**** Record excerpts
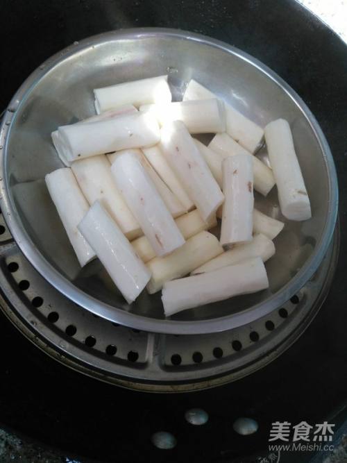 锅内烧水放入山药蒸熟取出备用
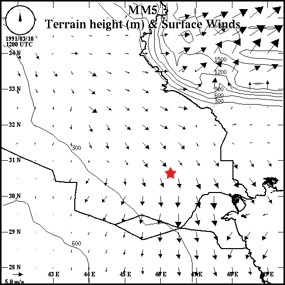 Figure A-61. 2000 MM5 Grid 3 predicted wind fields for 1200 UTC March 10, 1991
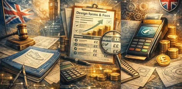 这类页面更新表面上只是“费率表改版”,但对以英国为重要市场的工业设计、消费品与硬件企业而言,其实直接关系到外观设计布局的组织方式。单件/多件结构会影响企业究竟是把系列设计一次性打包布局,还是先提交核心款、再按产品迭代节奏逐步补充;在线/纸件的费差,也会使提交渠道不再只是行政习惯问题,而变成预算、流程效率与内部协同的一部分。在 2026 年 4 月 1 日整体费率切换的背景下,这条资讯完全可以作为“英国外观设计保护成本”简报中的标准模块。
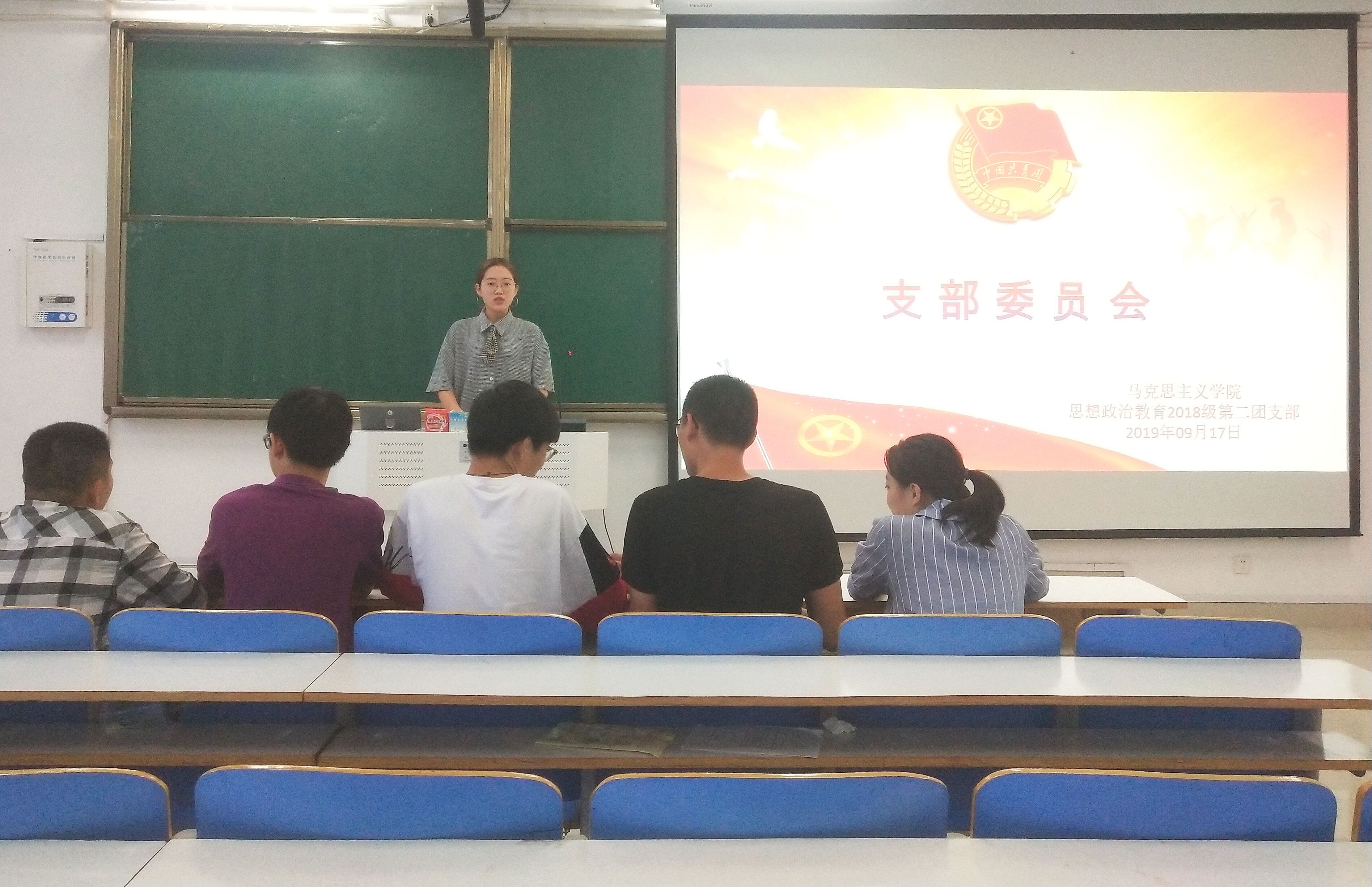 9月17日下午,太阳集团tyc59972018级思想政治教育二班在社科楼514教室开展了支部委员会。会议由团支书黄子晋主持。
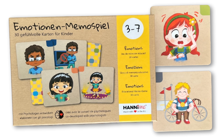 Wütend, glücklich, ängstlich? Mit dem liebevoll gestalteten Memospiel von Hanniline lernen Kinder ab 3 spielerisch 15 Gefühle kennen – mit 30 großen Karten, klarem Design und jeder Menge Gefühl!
********
## Problem statement:
Reproduce every record word for word. The copy must contain no pictures.

## The answer:
 锅内烧水放入山药蒸熟取出备用
 Figure A-61. 2000 MM5 Grid 3 predicted wind fields for 1200 UTC March 10, 1991
 这类页面更新表面上只是“费率表改版”,但对以英国为重要市场的工业设计、消费品与硬件企业而言,其实直接关系到外观设计布局的组织方式。单件/多件结构会影响企业究竟是把系列设计一次性打包布局,还是先提交核心款、再按产品迭代节奏逐步补充;在线/纸件的费差,也会使提交渠道不再只是行政习惯问题,而变成预算、流程效率与内部协同的一部分。在 2026 年 4 月 1 日整体费率切换的背景下,这条资讯完全可以作为“英国外观设计保护成本”简报中的标准模块。
 9月17日下午,太阳集团tyc59972018级思想政治教育二班在社科楼514教室开展了支部委员会。会议由团支书黄子晋主持。
 Wütend, glücklich, ängstlich? Mit dem liebevoll gestalteten Memospiel von Hanniline lernen Kinder ab 3 spielerisch 15 Gefühle kennen – mit 30 großen Karten, klarem Design und jeder Menge Gefühl!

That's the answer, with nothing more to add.